Визг прекратился. Командирша Берсерко уменьшилась до нормальных размеров, опустилась на землю и распрямила закрученный спиралью хвост. От гоблина не осталось и следа. И тут из последнего завитка хвоста что-то выпало и звякнуло, ударившись о землю.
Это был сверкающий черный бриллиант.
Командирша подхватила его лапой и сунула куда-то в ошейник. Духи тьмы в ужасе глазели на нее.
Командирша спокойно вернулась к доске и снова показала на изображение кота с большими ушами.
— Миоу, — сказала она, и хотя никто ее не понял, это значило: «Его оставьте мне».
Мэй проснулась из-за того, что кто-то нежно потрогал ее по щеке. На нее гордо смотрел Пессимист, одетый во что-то
серое и прозрачное. Это было кошачье пальтишко.Рядом с котом сидел Фабио с крошечной серебряной иглой и мешочком для ниток.
— А теперь сиди спокойно, я все закончить. — Заметив, что Мэй смотрит на него, капитан фыркнул. — Думай, не мужское дело? — Он кивнул на горы, укрытые снежным одеялом. — Кот не для холодной погоды сделан. — И тихо добавил: — Беатрис меня учила.
Мэй улыбнулась. Уголки синих губ Фабио поползли вверх, кончики усов поднялись. Он стрельнул глазами на горы:
— Все равно я не спящий.
Мэй подумала, что его тоже тревожат огоньки, а потом в голову ей пришла другая мысль.
— Это место похоже на то, где вы погибли? — спросила она, выдернув из земли окаменевший побег и задумчиво вертя его в пальцах.
Фабио умер, когда высадился в Альпах. Там он и потерял всех своих солдат.
Капитан перестал шить, кивнул, и его лицо окаменело, словно коленная чашечка великана, у которой они устроились.
— Да… Но моя вина нет! — резко добавил он, и его нос покраснел.

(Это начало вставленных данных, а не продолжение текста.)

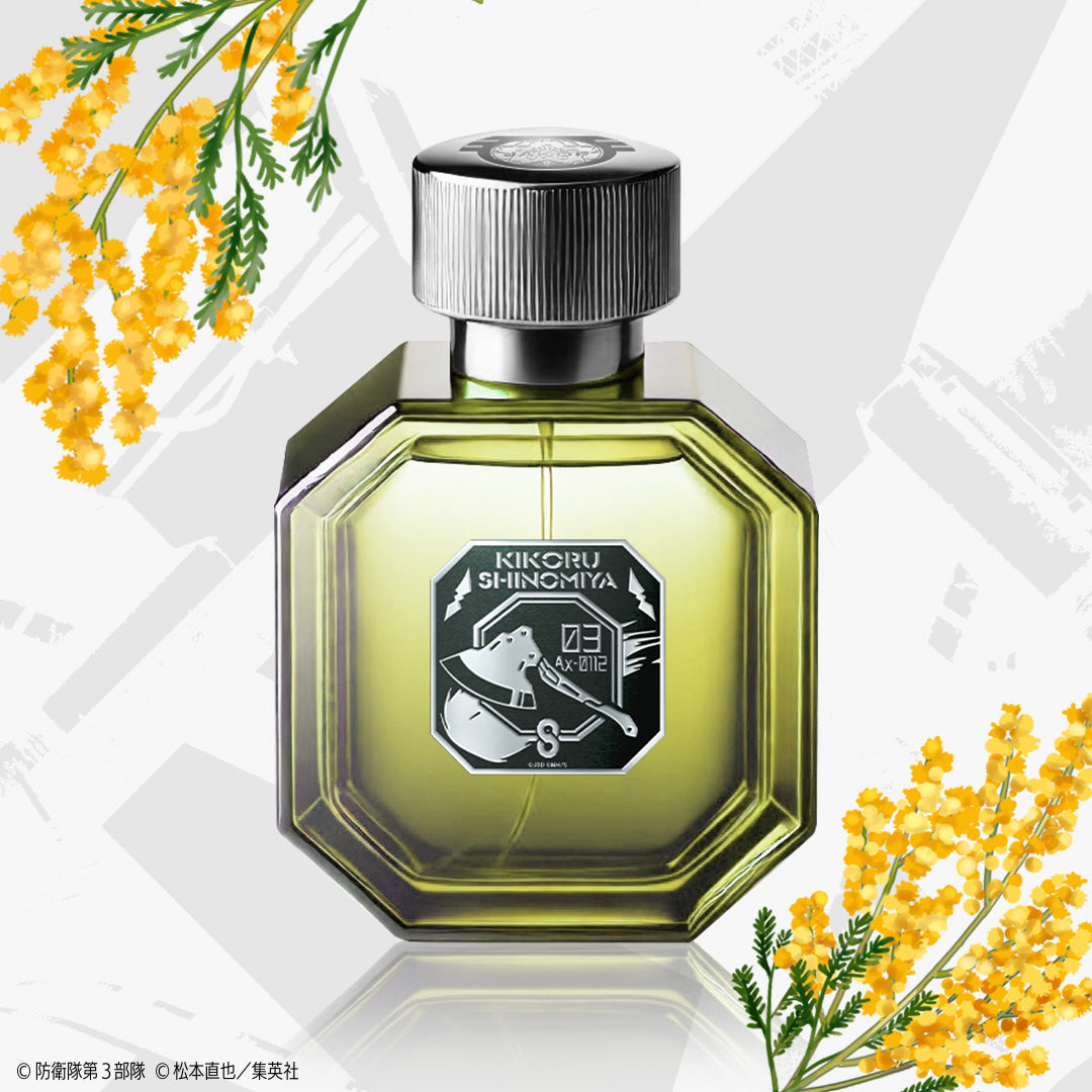 防衛隊に入ること、そしてミナの隣に在ることへの再挑戦の「燃える思い」から始まり、情熱と友情、そして仲間との絆を経て、「怪獣8号」という正体を秘めながらも仲間を守り抜く決意へと至る構成です。日比野カフカの人懐こさと力強さ、そして影を抱えながらも前へ進む姿を香りに込めた、温かくも芯の通ったフレグランスです。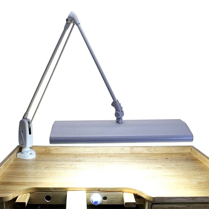 Denna metallampa av premiumkvalitet har en fullt justerbar 43" flytande arm för bekväm och exakt positionering. Lampans utsida är pulverlackerad för hållbarhet och lång livslängd. Den universella klämfoten har en öppning på 2" och kan fästas på alla vertikala, horisontella eller lutande ytor; den kan även monteras på vilken horisontell yta som helst. Lampan levereras med tre standard lysrörslampor i kallvitt (6500K), 15 watt, 18" långa, samt en 7 fot lång sladd med trefas jordad kontakt. UL-godkänd. Lampan inkluderar tillverkarens tvååriga elektriska garanti och fem års mekanisk garanti.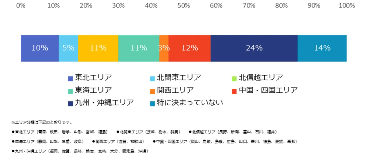 「地方で働くことに興味はありますか?」と伺ったところ、58%の方が「興味がある」と回答。「地方で働くことに興味がある」と回答した方に、具体的に働きたいエリア(※)を尋ねたところ、もっとも人気が高かったのは「九州・沖縄エリア」(24%)でした。「九州・沖縄エリア」と回答した方からは、「アジアのハブになりうる、起業などに積極的」(35歳男性)、「北九州は自動車メーカー、半導体メーカー、他製造業が盛ん。今後更なる規模の拡大が期待できる」(44歳男性)、「産業特区に指定される土地であり、韓国や中国との距離が近くビジネス機会が多く見込めるため」(45歳男性)、「行政もスタートアップ企業に支援が手厚い」(50歳男性)といった声が寄せられました。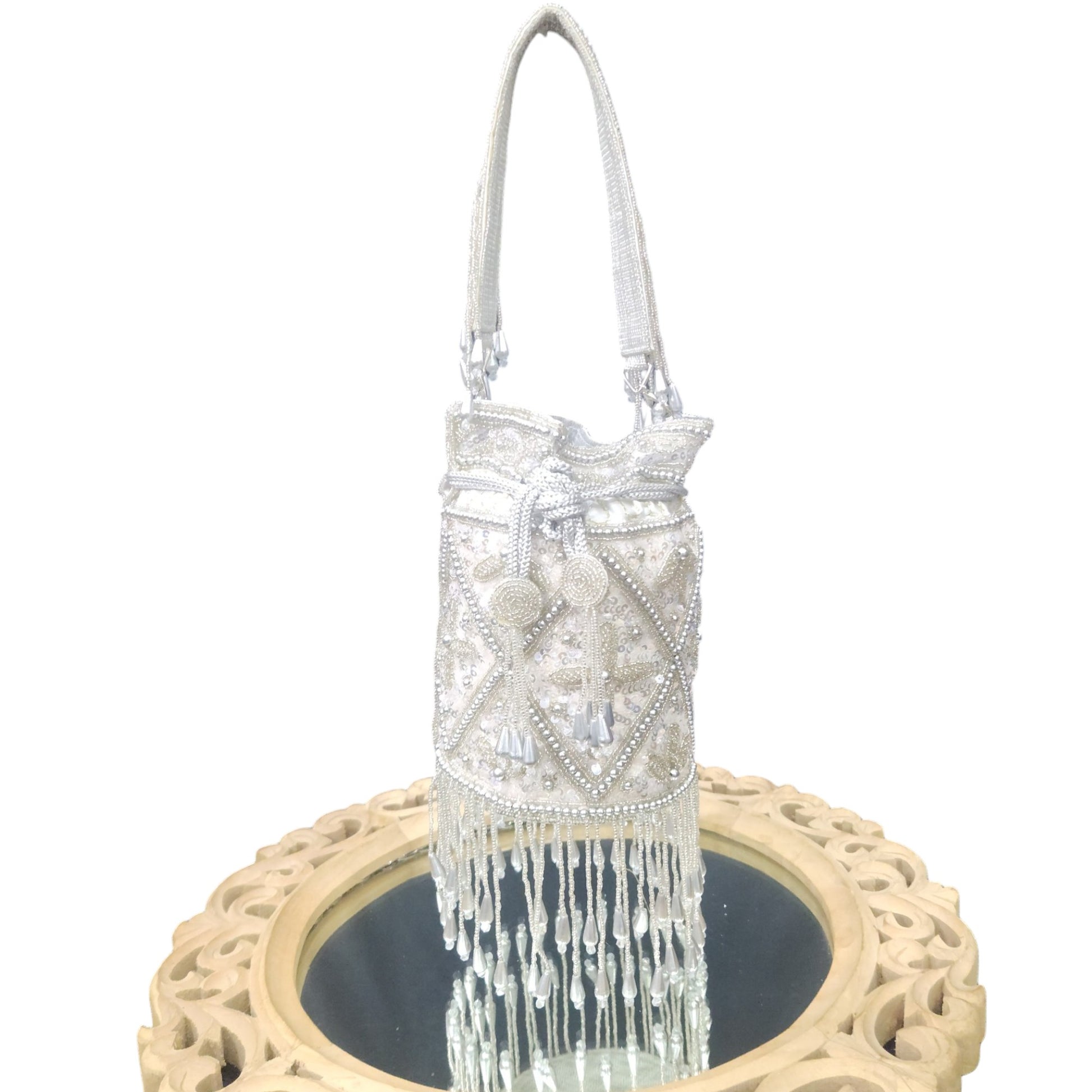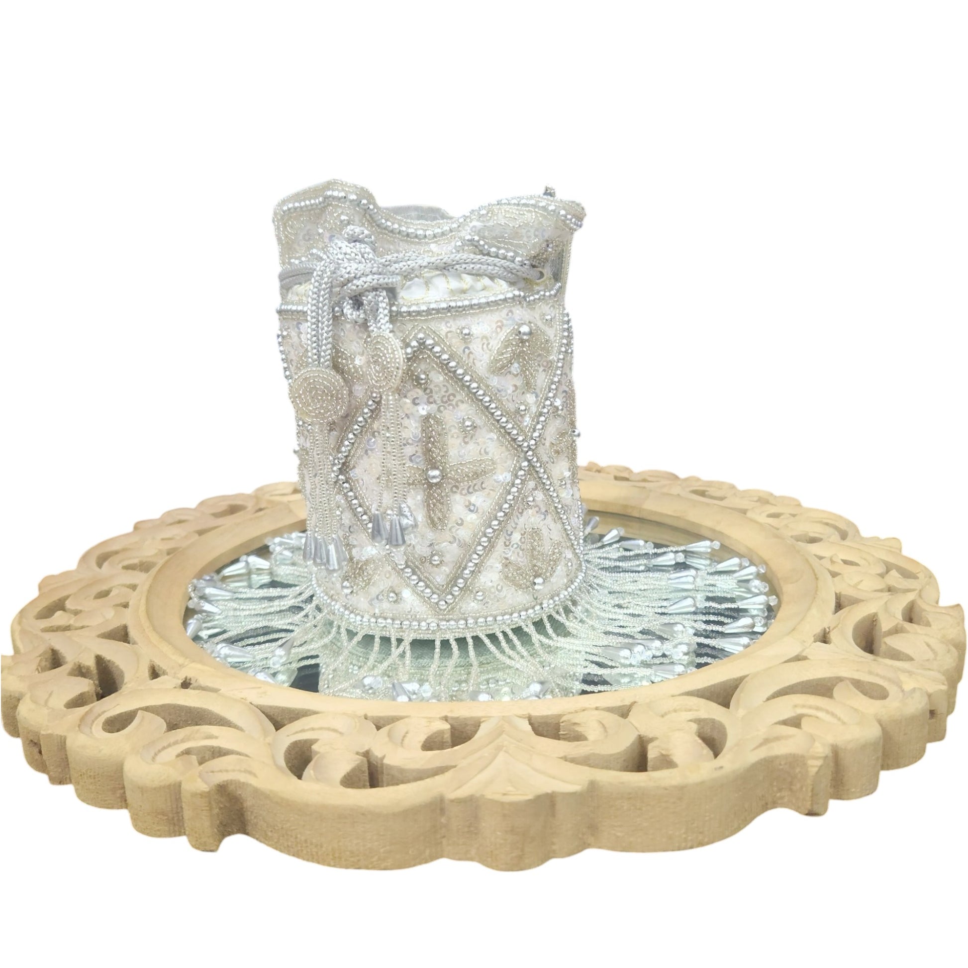 The Afreen Sequin Pearl Potli is a beautiful blend of intricate craftsmanship and elegant design. The bag is adorned with exquisite sequins handwork, creating several small, dispersed flower formations with drop-shaped pearls. The seed beads tassel hangings, each ending with a drop-shaped pearl, add a whimsical and luxurious touch. The handle, embellished with sequin and delicate pearl handwork and matching tassels on both ends, enhances the bag’s overall charm. Perfect for weddings, parties, and festive occasions, this potli bag is a perfect accessory to elevate your elegant ensemble.

— Конечно же, вы не виноваты. — Мэй продолжала вертеть росток.
— С добрым утром. — Из-за коленной чашечки вышла Беатрис. — Пойдем. Я развела костер.
Мэй робко улыбнулась подруге и с облегчением увидела, что Беатрис ответила ей улыбкой. Они помирились.
Кот взглянул на горы и молнией скрылся за коленной чашечкой.
— Вот и я себя также чувствую, — шепнула Мэй.
На третий день пошел снежок. А к утру четвертого, когда друзья взобрались высоко по склону одной из самых неприступных гор, началась метель, да такая, что на расстоянии вытянутой руки ничего не было видно. Мэй, Беатрис и Фабио держались друг за друга, чтобы не потеряться. Пессимист разрешил Тыкверу взять себя на руки, хоть и притворился, что ему это не по душе. Теперь он выглядывал из-за пазухи призрака, который летел, весело напевая о «гробнице в Сарасоте, там, где милая живет».
— Вершина где-то близко, — сказала Мэй, с трудом взбираясь на окаменевшую ногу. Девочка тряслась от холода.
— Что это? — Беатрис приставила ко лбу ладонь и прищурилась.
Впереди, за снежной пеленой, зиял черный проход. Вверху светился неоновый указатель: «К СЕВЕРНОЙ ФЕРМЕ».
Друзья переглянулись. Из тоннеля шел теплый свет.
— Что думаете? — спросила Беатрис.
— Идем! — решил Фабио. — Это явно короткий путь.
Мэй посмотрела на пещеру. Странно, что зловещий перевал оказывает им такой радушный прием. Но Мэй замерзала, а во взглядах друзей было столько надежды. Даже Пессимист выглянул из-за пазухи Тыквера и с любопытством развернул уши в сторону тоннеля. Внутренний голос подсказывал, что нужно идти дальше, вверх по склону, но девочке не хотелось его слушать.
— Давайте посмотрим, — неуверенно сказала она, и путешественники заторопились к пещере.
Позади мигнули и погасли неоновые огоньки.
Зомби и гоблины остановились, дрожа. Вдалеке, над горизонтом, вздымались кривые, острые, неприветливые вершины гор. Даже у командирши Берсерко шерсть встала дыбом. Кошка прошлась вдоль границы, отделявшей Окаменелый перевал от Мерзкого нагорья, вынюхивая, где живая девочка и кот повернули в сторону гор.
Командирша убедилась, что путешественники начали путь именно отсюда. Острый нюх подсказывал ей, что след тянется до самой горной гряды. Берсерко усмехнулась, показав острые клыки.